**AIM OF THE TASK:** Would you restate the full listing word for word and omit its pictures?

**TASK INPUTS:**
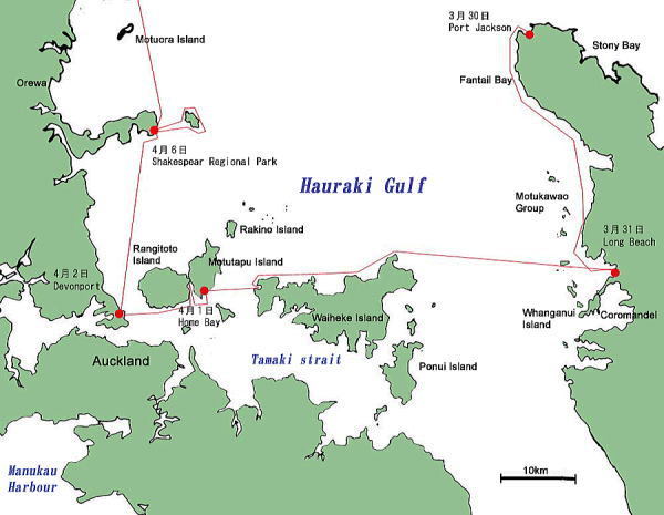 8時45分出発。今日はコロマンデル半島を離れ、ハウラキガルフを島々を転々としつつ横断する予定だ。途中、15kmほどの海峡横断もある。
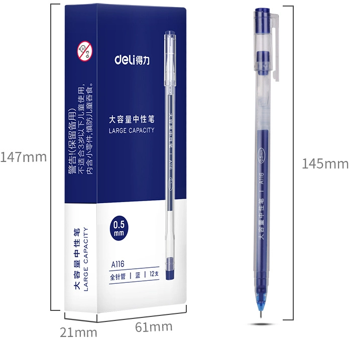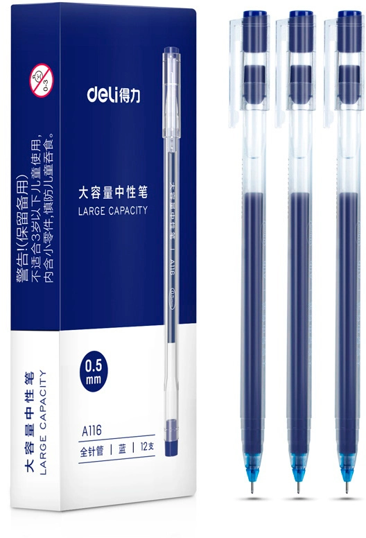 Ручка гелев. Deli A116-BL прозрачный син. черн. линия 0.5мм (продается кратно 12 шт.)
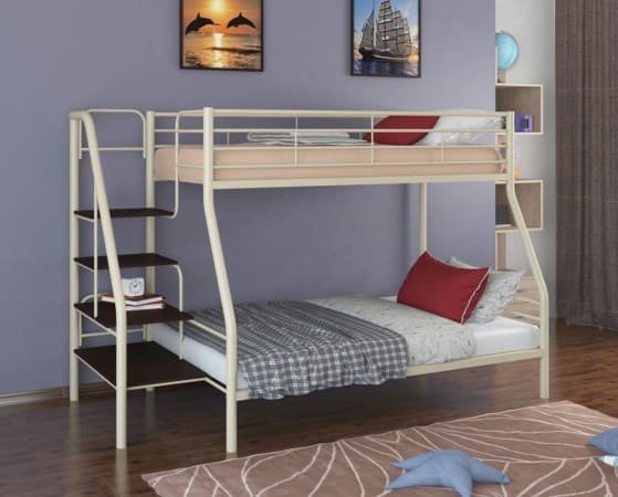 Металлическая кровать двухъярусная Толедо-1 слоновая кость способна выдерживать нагрузку до 150 кг (на одно спальное место), что делает ее подходящей как для детей так и для взрослых. Конструкция кровати предусматривает спальные места 90/190 см. и 120/190см. В отличие от кроватей из ЛДСП выглядит менее громоздкой. В комплект входит прочная лестница, которую по Вашему желанию можно установить справа или слева.
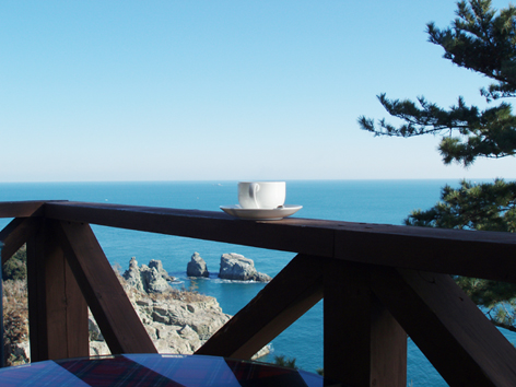 바다가보이는베라다위 찻잔
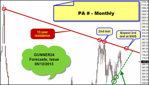 To round off the big picture let’s have a look at palladium, the strongest precious metal in 2013. It’s the only one of the 4 precious metals that comprises a tight plus for 2013: +5%. The world-wide surplus in demand prevented palladium this year from being beaten down the way silver and gold were. Target for 2013 is and keeps being the 800$, as analyzed already most extensively in the free GUNNER24 Forecasts of May 12, 2013:
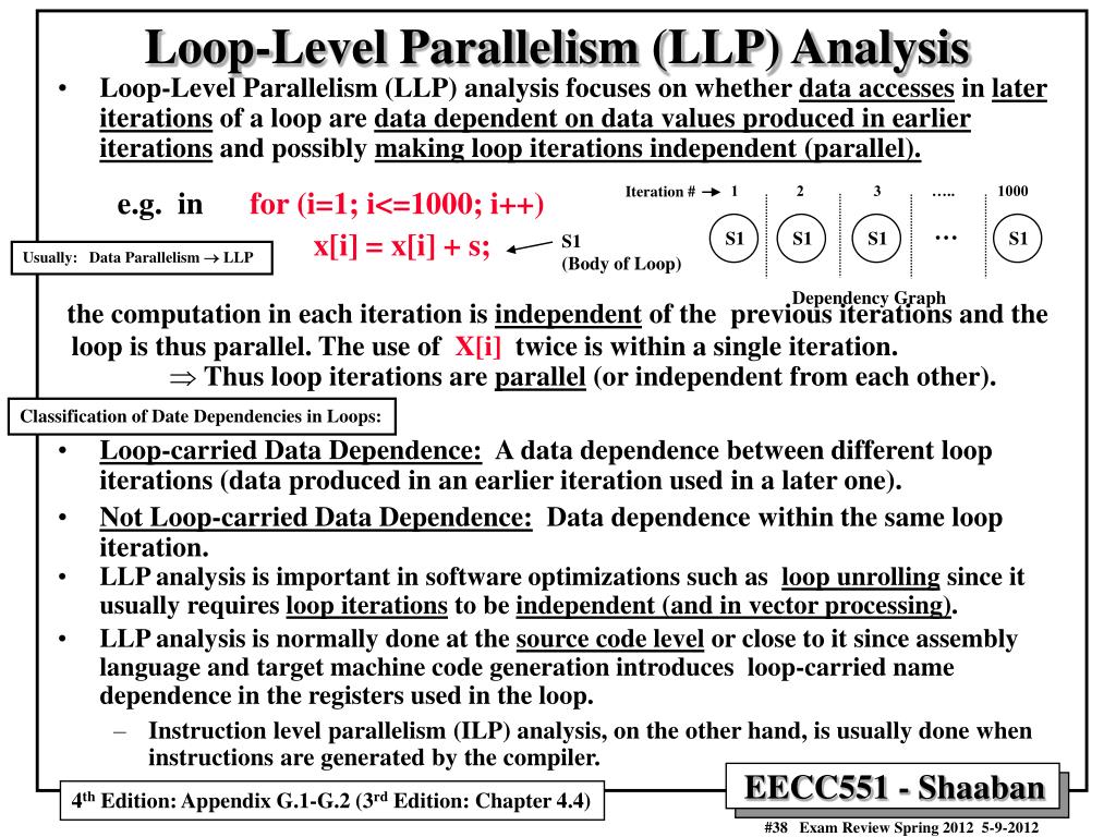 A[1] = A[1] + B[1]; B[2] = C[1] + D[1]; A[99] = A[99] + B[99]; B[100] = C[99] + D[99]; A[2] = A[2] + B[2]; B[3] = C[2] + D[2]; A[100] = A[100] + B[100]; B[101] = C[100] + D[100]; LLP Analysis Example 2 for (i=1; i<=100; i=i+1) { A[i] = A[i] + B[i]; /* S1 */ B[i+1] = C[i] + D[i]; /* S2 */ } Original Loop: Iteration 99 Iteration 100 Iteration 1 Iteration 2 . . . . . . . . . . . . S1 S2 Loop-carried Dependence • A[1] = A[1] + B[1]; • for (i=1; i<=99; i=i+1) { • B[i+1] = C[i] + D[i]; • A[i+1] = A[i+1] + B[i+1]; • } • B[101] = C[100] + D[100]; Modified Parallel Loop: (one less iteration) Iteration 98 Iteration 99 . . . . Iteration 1 Loop Start-up code A[1] = A[1] + B[1]; B[2] = C[1] + D[1]; A[99] = A[99] + B[99]; B[100] = C[99] + D[99]; A[2] = A[2] + B[2]; B[3] = C[2] + D[2]; A[100] = A[100] + B[100]; B[101] = C[100] + D[100]; Not Loop Carried Dependence Loop Completion code
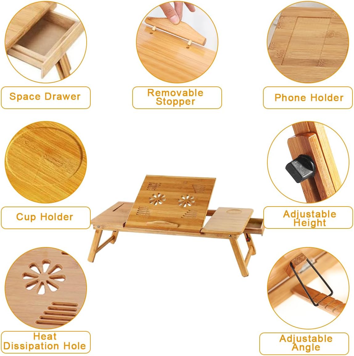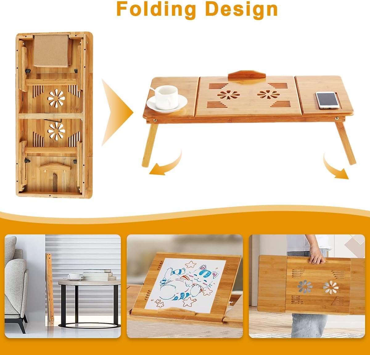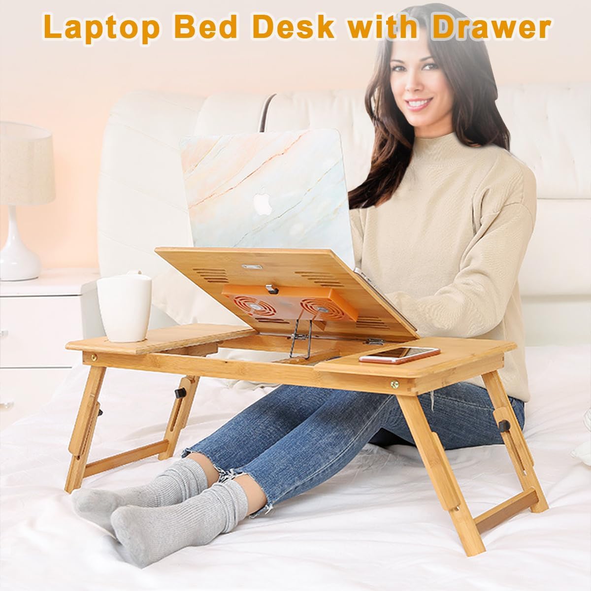 میز لپ تاپ Bamboo Laptop Bed Desk, Lap Bed Tray with Drawer Fan Clooer Portable Foldable Bed Serving Tray Table with Adjustable Tilt Top Phone Cup Holder Notebook PC Bed Stand for Surfing Breakfast Eating Study
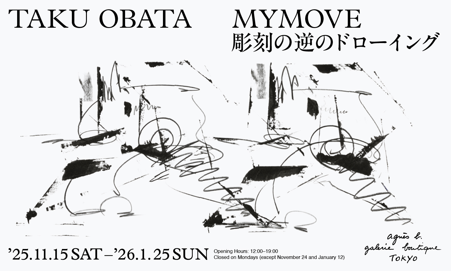 agnès b. galerie boutique is pleased to present MYMOVE – Drawing as the Opposite of Sculpture: Representing Sculpture Beyond Sculpture, a solo exhibition by Taku Obata, on view from Saturday, 15 November 2025 to Sunday, 25 January 2026.

**EXPECTED ANSWER:**
 8時45分出発。今日はコロマンデル半島を離れ、ハウラキガルフを島々を転々としつつ横断する予定だ。途中、15kmほどの海峡横断もある。
 Ручка гелев. Deli A116-BL прозрачный син. черн. линия 0.5мм (продается кратно 12 шт.)
 Металлическая кровать двухъярусная Толедо-1 слоновая кость способна выдерживать нагрузку до 150 кг (на одно спальное место), что делает ее подходящей как для детей так и для взрослых. Конструкция кровати предусматривает спальные места 90/190 см. и 120/190см. В отличие от кроватей из ЛДСП выглядит менее громоздкой. В комплект входит прочная лестница, которую по Вашему желанию можно установить справа или слева.
 바다가보이는베라다위 찻잔
 To round off the big picture let’s have a look at palladium, the strongest precious metal in 2013. It’s the only one of the 4 precious metals that comprises a tight plus for 2013: +5%. The world-wide surplus in demand prevented palladium this year from being beaten down the way silver and gold were. Target for 2013 is and keeps being the 800$, as analyzed already most extensively in the free GUNNER24 Forecasts of May 12, 2013:
 A[1] = A[1] + B[1]; B[2] = C[1] + D[1]; A[99] = A[99] + B[99]; B[100] = C[99] + D[99]; A[2] = A[2] + B[2]; B[3] = C[2] + D[2]; A[100] = A[100] + B[100]; B[101] = C[100] + D[100]; LLP Analysis Example 2 for (i=1; i<=100; i=i+1) { A[i] = A[i] + B[i]; /* S1 */ B[i+1] = C[i] + D[i]; /* S2 */ } Original Loop: Iteration 99 Iteration 100 Iteration 1 Iteration 2 . . . . . . . . . . . . S1 S2 Loop-carried Dependence • A[1] = A[1] + B[1]; • for (i=1; i<=99; i=i+1) { • B[i+1] = C[i] + D[i]; • A[i+1] = A[i+1] + B[i+1]; • } • B[101] = C[100] + D[100]; Modified Parallel Loop: (one less iteration) Iteration 98 Iteration 99 . . . . Iteration 1 Loop Start-up code A[1] = A[1] + B[1]; B[2] = C[1] + D[1]; A[99] = A[99] + B[99]; B[100] = C[99] + D[99]; A[2] = A[2] + B[2]; B[3] = C[2] + D[2]; A[100] = A[100] + B[100]; B[101] = C[100] + D[100]; Not Loop Carried Dependence Loop Completion code
 میز لپ تاپ Bamboo Laptop Bed Desk, Lap Bed Tray with Drawer Fan Clooer Portable Foldable Bed Serving Tray Table with Adjustable Tilt Top Phone Cup Holder Notebook PC Bed Stand for Surfing Breakfast Eating Study
 agnès b. galerie boutique is pleased to present MYMOVE – Drawing as the Opposite of Sculpture: Representing Sculpture Beyond Sculpture, a solo exhibition by Taku Obata, on view from Saturday, 15 November 2025 to Sunday, 25 January 2026.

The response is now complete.